## Records provided
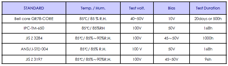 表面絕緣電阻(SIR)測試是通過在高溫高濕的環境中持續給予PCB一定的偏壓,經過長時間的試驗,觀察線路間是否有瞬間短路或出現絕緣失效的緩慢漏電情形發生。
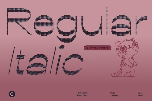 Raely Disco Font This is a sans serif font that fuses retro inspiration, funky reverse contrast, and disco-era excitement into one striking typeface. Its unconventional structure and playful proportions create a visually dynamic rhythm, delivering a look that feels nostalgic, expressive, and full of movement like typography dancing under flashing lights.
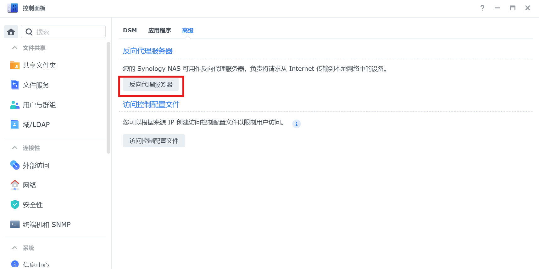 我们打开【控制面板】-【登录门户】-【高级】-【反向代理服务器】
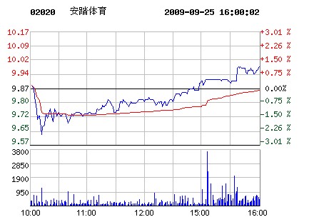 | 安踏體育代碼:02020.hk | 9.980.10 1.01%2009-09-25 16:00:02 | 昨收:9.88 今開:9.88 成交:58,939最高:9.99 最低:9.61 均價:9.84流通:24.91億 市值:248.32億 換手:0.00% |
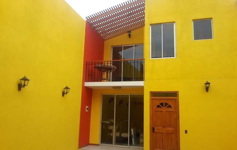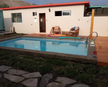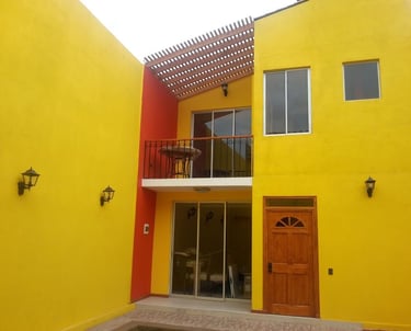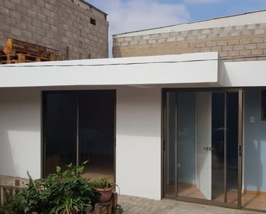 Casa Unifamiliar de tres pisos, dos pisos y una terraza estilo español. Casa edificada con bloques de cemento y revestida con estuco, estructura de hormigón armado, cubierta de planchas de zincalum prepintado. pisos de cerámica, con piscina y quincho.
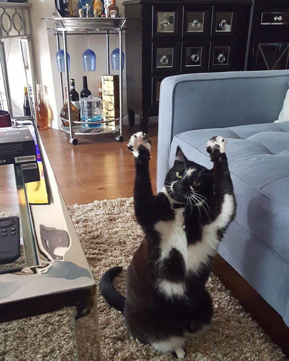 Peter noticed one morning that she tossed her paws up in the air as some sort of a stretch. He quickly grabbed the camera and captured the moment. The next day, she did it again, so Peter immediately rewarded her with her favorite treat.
==
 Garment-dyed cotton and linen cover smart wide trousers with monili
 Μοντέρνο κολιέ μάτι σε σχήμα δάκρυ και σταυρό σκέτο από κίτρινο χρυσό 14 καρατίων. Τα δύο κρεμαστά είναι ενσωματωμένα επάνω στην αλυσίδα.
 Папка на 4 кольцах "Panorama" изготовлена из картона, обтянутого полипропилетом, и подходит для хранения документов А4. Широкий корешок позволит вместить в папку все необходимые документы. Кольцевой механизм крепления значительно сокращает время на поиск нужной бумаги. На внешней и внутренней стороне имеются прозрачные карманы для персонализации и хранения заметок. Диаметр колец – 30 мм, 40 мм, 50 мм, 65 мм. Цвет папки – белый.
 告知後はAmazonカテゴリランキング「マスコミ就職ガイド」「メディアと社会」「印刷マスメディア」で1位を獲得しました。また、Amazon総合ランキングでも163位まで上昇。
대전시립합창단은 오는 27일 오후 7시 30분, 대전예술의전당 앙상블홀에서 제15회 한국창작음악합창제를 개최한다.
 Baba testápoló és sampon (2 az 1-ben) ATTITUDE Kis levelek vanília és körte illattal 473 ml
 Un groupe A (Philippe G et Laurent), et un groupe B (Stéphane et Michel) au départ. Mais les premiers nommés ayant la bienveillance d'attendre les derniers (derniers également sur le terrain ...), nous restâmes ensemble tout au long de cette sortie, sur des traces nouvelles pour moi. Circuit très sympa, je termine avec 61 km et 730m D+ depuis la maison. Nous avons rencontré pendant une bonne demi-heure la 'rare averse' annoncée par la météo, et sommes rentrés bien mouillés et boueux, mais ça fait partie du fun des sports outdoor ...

## Task item
Write down exactly what the lines above say, from the line holding "表面絕緣電阻(SIR)測試是" through the line holding "市值:248.32億 換手:0.00% |", and nothing more. Do not copy the pictures.

## Result for this task
 表面絕緣電阻(SIR)測試是通過在高溫高濕的環境中持續給予PCB一定的偏壓,經過長時間的試驗,觀察線路間是否有瞬間短路或出現絕緣失效的緩慢漏電情形發生。
 Raely Disco Font This is a sans serif font that fuses retro inspiration, funky reverse contrast, and disco-era excitement into one striking typeface. Its unconventional structure and playful proportions create a visually dynamic rhythm, delivering a look that feels nostalgic, expressive, and full of movement like typography dancing under flashing lights.
 我们打开【控制面板】-【登录门户】-【高级】-【反向代理服务器】
 | 安踏體育代碼:02020.hk | 9.980.10 1.01%2009-09-25 16:00:02 | 昨收:9.88 今開:9.88 成交:58,939最高:9.99 最低:9.61 均價:9.84流通:24.91億 市值:248.32億 換手:0.00% |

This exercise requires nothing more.